ÖBB-Wohnungen im Franckviertel: Lässt kolportierter Kaufpreis Absicht zum Hochhausbau vermuten?

Helge Langer - Katastrophales Ergebnis des BieterInnen-Verfahrens rund um die ÖBB-Wohnungen im Franckviertel. Einem aktuellen Medienbericht zufolge ging der Zuschlag an ein Konsortium, dessen Angebot mehr als deutlich über dem der GWG gelegen haben soll. Es ist sogar vom fünffachen Kaufpreis die Rede.

Wenn private Investoren solche Summen zu zahlen bereit sind, rechnen sie wohl fix damit, Hochhäuser bauen zu dürfen, damit sich ihre Ausgaben bezahlt machen. Schließlich ist das Grundstück, um das es geht, ja nicht gewachsen. Das ist die Folge der Hochhaus-Politik von SPÖ und FPÖ der vergangenen Jahre. 

Dass die Wohnungen an private Investoren gegangen sind, hat auch Bürgermeister Luger zu verantworten.
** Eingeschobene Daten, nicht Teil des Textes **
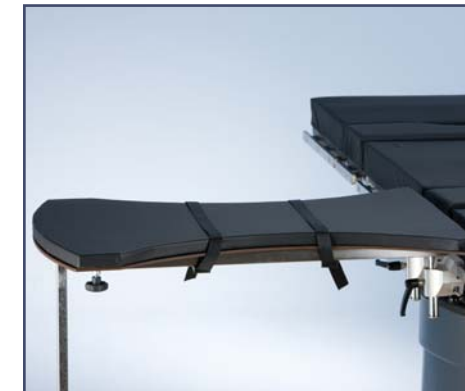
Arm and hand surgery table with detachable supporting leg, clamps included. Code 10390

Zwar hat er, wie im Gemeinderat bekannt geworden ist, im Jahr 2008 einen Brief an die ÖBB geschrieben, mit dem Angebot, die Häuser aus dem Besitz der Bundesbahnen zu erwerben. Seither hat er nichts mehr unternommen. Der Bürgermeister hat auch 2008 offenbar nicht daran gedacht, sich an das Verkehrsministerium zu wenden, obwohl dieses damals und bis Ende 2017 in SPÖ-Händen gewesen ist. Die VerkehrsministerInnen haben in diesem Zeitraum Werner Faymann, Doris Bures, Alois Stöger, Gerald Klug und Jörg Leichtfried geheißen. 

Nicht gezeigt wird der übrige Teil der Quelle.